Oral pigmentation Lenane, P; Powell, Fc
Journal of the European Academy of Dermatology and Venereology,
November 2000, Letnik:
14, Številka:
6
Journal Article
Recenzirano
Oral pigmentation may be physiological or pathological in nature. It may represent a localized anomaly of limited significance or the presentation of potentially life‐threatening multisystem disease. ...Evaluation of a patient with oral pigmentation requires a systematic approach with resource to appropriate investigations in certain circumstances. A full history of evolution of the pigmentary changes, as well as inquiring into family history, drug ingestion and systemic symptoms of concurrent disease are clearly important in the assessment. The duration, pattern, hue and distribution of colour changes can provide useful diagnostic clues. Special attention is given to newly appearing lesions, or those that have changed significantly in appearance, and biopsy may be needed to validate the clinical impression.

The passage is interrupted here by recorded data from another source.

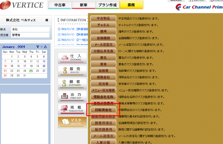 (1) 管理者でログインし、マスターメニューの印刷会社を選択します。
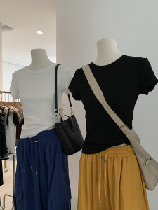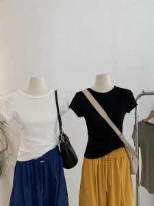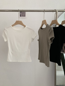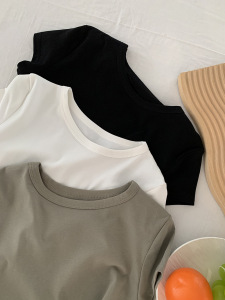 Omalai 2025 夏韓国カジュアル多用途ラウンドネックスリムフィットショート半袖 T シャツトップ 3806
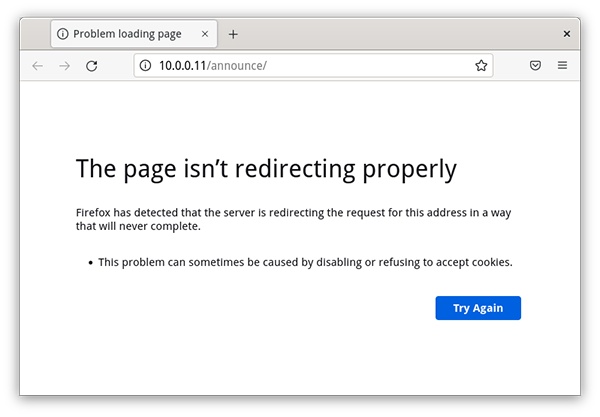 $ wget -O /tmp/test.html -S http://10.0.0.11/announce/ --2021-08-24 17:09:49-- http://10.0.0.11/announce/ Connecting to 10.0.0.11:80... connected. HTTP request sent, awaiting response... HTTP/1.1 302 Found Date: Tue, 24 Aug 2021 22:09:49 GMT Server: Apache/2.4.48 (Fedora) X-Powered-By: PHP/7.4.21 Location: http://10.0.0.11/assets/ Content-Length: 0 Keep-Alive: timeout=5, max=100 Connection: Keep-Alive Content-Type: text/html; charset=utf-8 Location: http://10.0.0.11/assets/ [following] --2021-08-24 17:09:49-- http://10.0.0.11/assets/ Reusing existing connection to 10.0.0.11:80. HTTP request sent, awaiting response... HTTP/1.1 302 Found Date: Tue, 24 Aug 2021 22:09:49 GMT Server: Apache/2.4.48 (Fedora) X-Powered-By: PHP/7.4.21 Location: http://10.0.0.11/announce/ Content-Length: 0 Keep-Alive: timeout=5, max=99 Connection: Keep-Alive Content-Type: text/html; charset=utf-8 Location: http://10.0.0.11/announce/ [following] --2021-08-24 17:09:49-- http://10.0.0.11/announce/ Reusing existing connection to 10.0.0.11:80. . . . 20 redirections exceeded.
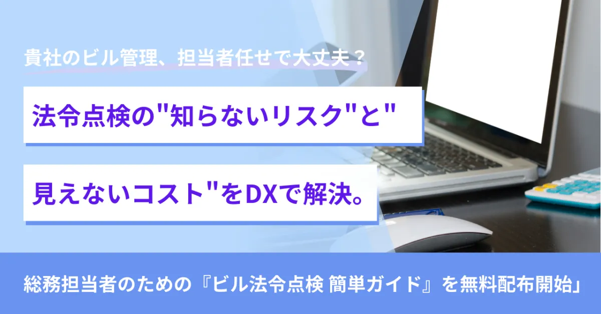 最後に、法令点検を初めて担当される総務の方々へ向けて、『事前にチェック!総務担当者のためのビル法令点検 簡単ガイド』を無料配布しています。このガイドでは、法令点検の流れや事前準備、点検時の注意点を分かりやすく解説しています。詳細はぜひガイドをダウンロードしてご確認ください。
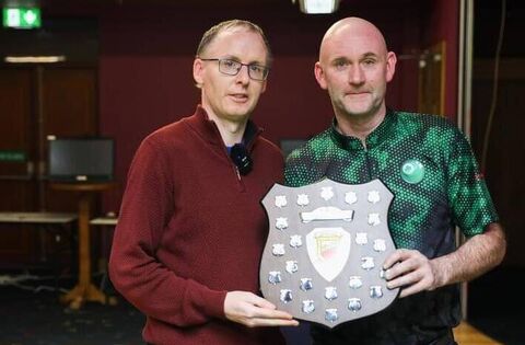 Kieran Gallagher (Mayo Pool Association) with men's winners Dave Sweeney.
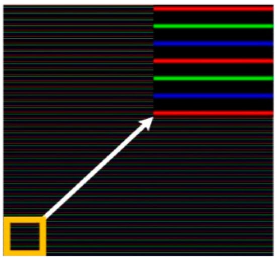 The coded RGB pattern is illustrated in Figure 2. The red lines, green lines, and blue lines are in the same intervals, parallel and repeated in cycles to form the RGB pattern. Between the adjacent lines, there are dark parts to separate them from each other. The intensities in different channels of the RGB color space contain both the color information and the lighting information, which makes the color segmentation problematic. On the other hand, color and brightness are separated in different channels as hue and value, which makes the color segmentation straightforward. Therefore, the RGB color space is transformed into the HSV color space for line segmentation. The transformation from the RGB color space to the HSV color space is formulated as follows.
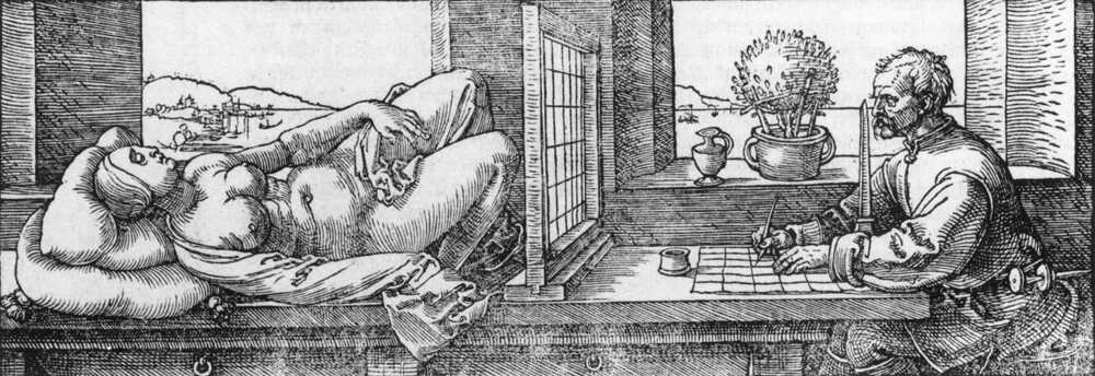 Ti offriamo una riproduzione artigianale su tela dell'opera famosa 'Disegnatore Disegnare un Recumbent Donna' di Albrecht Durer, dal Museo delle Riproduzioni.
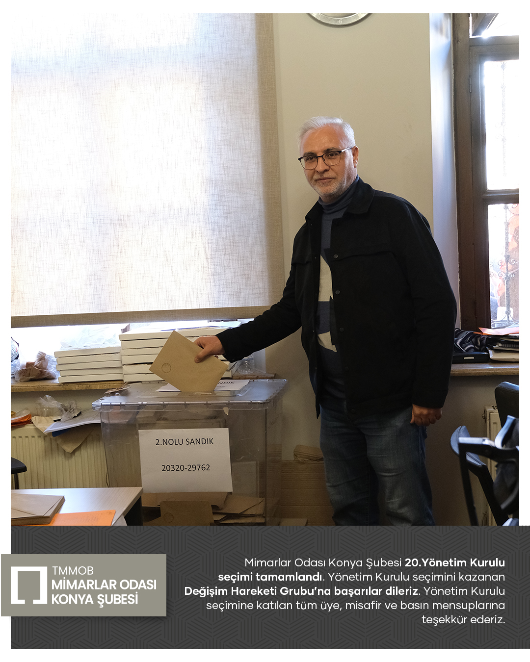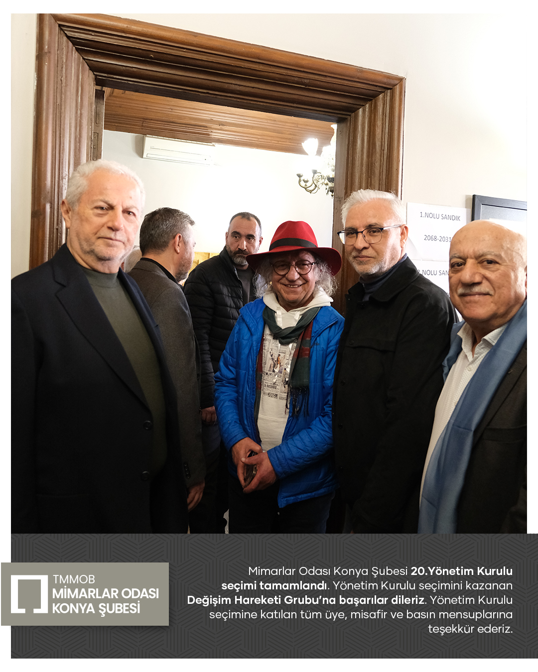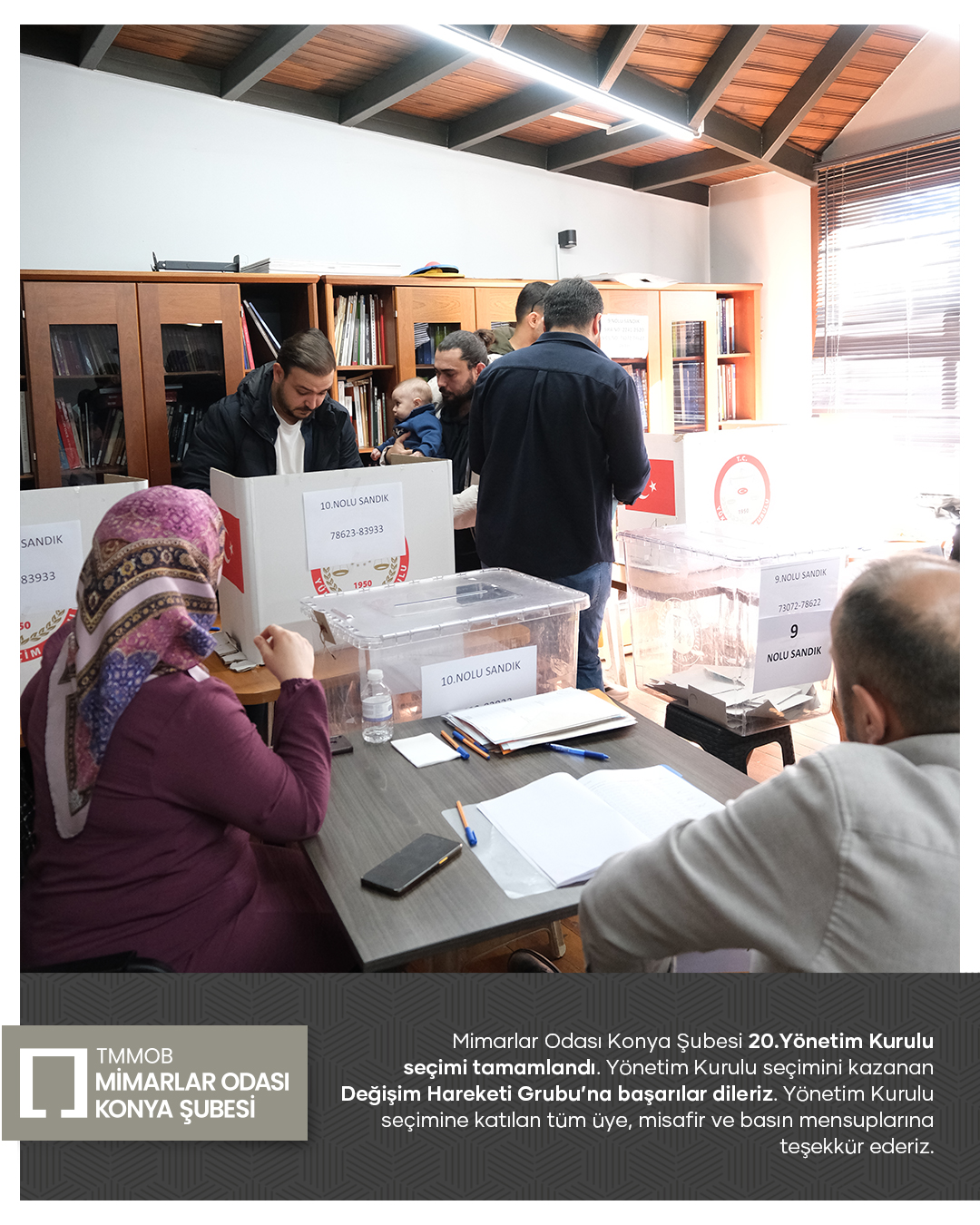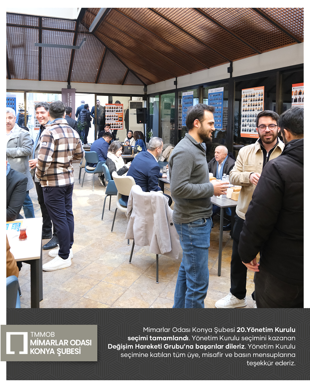 Mimarlar Odası Konya Şubesi 20. Dönem Yönetim Kurulu seçim süreci tamamlandı. Seçim sonucuna göre Yönetim Kurulu üyeliklerinin tamamını kazanan Değişim Hareketi Grubu’nu tebrik ediyor; yeni dönemde meslek ortamına, odamıza ve kentimize yönelik yürütecekleri çalışmalarda üstün başarılar diliyoruz.
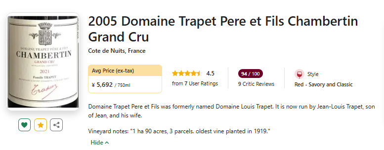 【低均近700!准满分世纪大年!勃艮第帝王“钢裤”!】Domaine Trapet Pere et Fils Chambertin Grand Cru 2005

This review should enable the reader to increase their familiarity with the assessment of oral pigmentation, the common causes of oral pigmentary change and the rarer disorders of pigmentation seen in this area. The systemic diseases that may give rise to oral pigmentation are detailed and the early signs of oral melanoma are highlighted, as well as the drugs which may cause pigmentary changes in this area and the different pattern of pigmentation they may induce.